The social contract has been broken. My expertise is no longer there to save lives in the Emergency Department thanks to suspension of my license by the BC and Alberta Colleges. Perhaps the consequences of one less ER doctor may reach those who have perpetrated over half a century of harm. But many innocents have suffered and will suffer as well. Deaths in the waiting room, long ER wait times, and ER closures… these have all happened in the province of Alberta where I used to work. The unnecessary loss of life can only be stopped with truth, please share.
[1] Neil Z. Miller. Vaccines and sudden infant death: An analysis of the VAERS database 1990–2019 and review of the medical literature. Toxicol Rep. 2021; 8: 1324–1335.
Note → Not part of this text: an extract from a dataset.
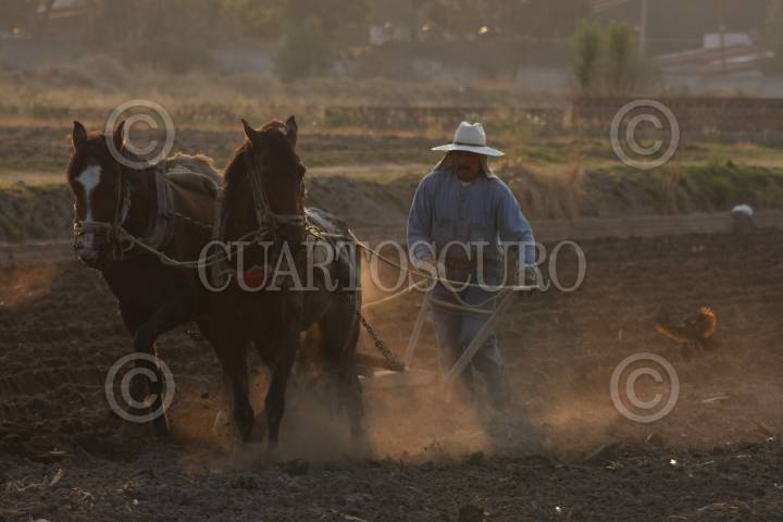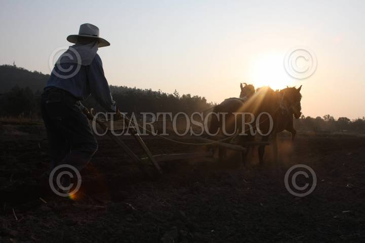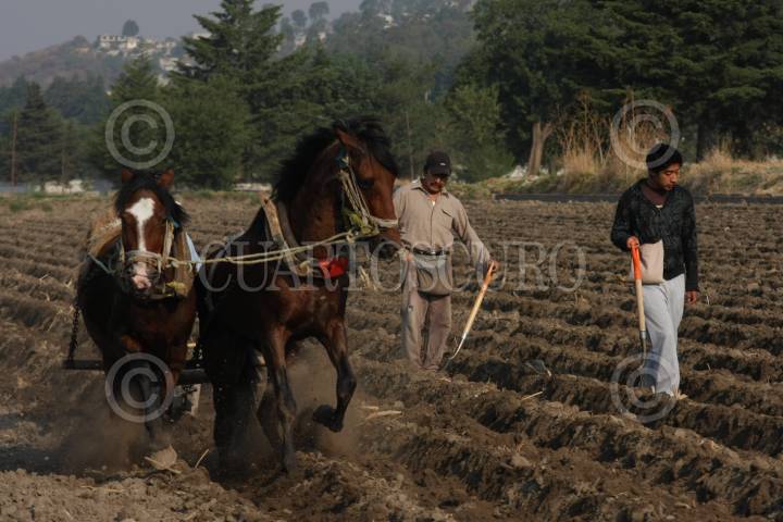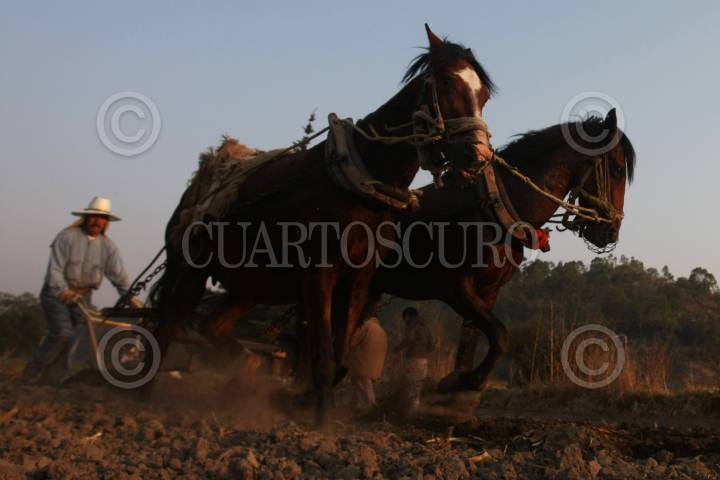 TLAXCALA, TLAXCALA, 01MAYO2011.- Desde primera hora de la mañana, campesinos de la región se dan a la tarea de sembrar maiz en los campos pertenecientes al ejido Totolac, ubicado en la zona centro del estado. En la imagen se observa el trabajo róstico de la yunta de caballos con los que se jala el arado. FOTO: J. GUADALUPE PÉREZ/CUARTOSCURO.COM

Dr Daniel Nagase you are a hero. Justice will be served. The ignorant politically correct powers exerting this persecution over you will be severely judged. You will be recorded in history as an Aristotle, Galileo, and Semmelweis. Your attackers will go down in history worse than Hitler. Trudeau makes Hitler look like an altar boy.
James A Thorp MD
Dear Dr. Nagase: Thank you so much for your contributions to truth in era where it seems in short supply. I have watched many of your courageous speeches online and I am all admiration. Just as an aside, I am a parent of an adult son with Asperger’s (he regressed after his MMR booster at 18 months). Over the decades, I have attended many workshops on autism. I remember one talk years ago given by an OT from the US. She said that because of the trend of putting babies to sleep on their backs (and not on their tummies and doing push ups as had been traditional for eons), it changed the babies development for their lifetime. She said the result was the (then) recent phenomena of many school children having abnormal pencil grips. They could now only hold a pencil in a fist grip. Amazing how medicine gets a notion and screws things up in their hubris.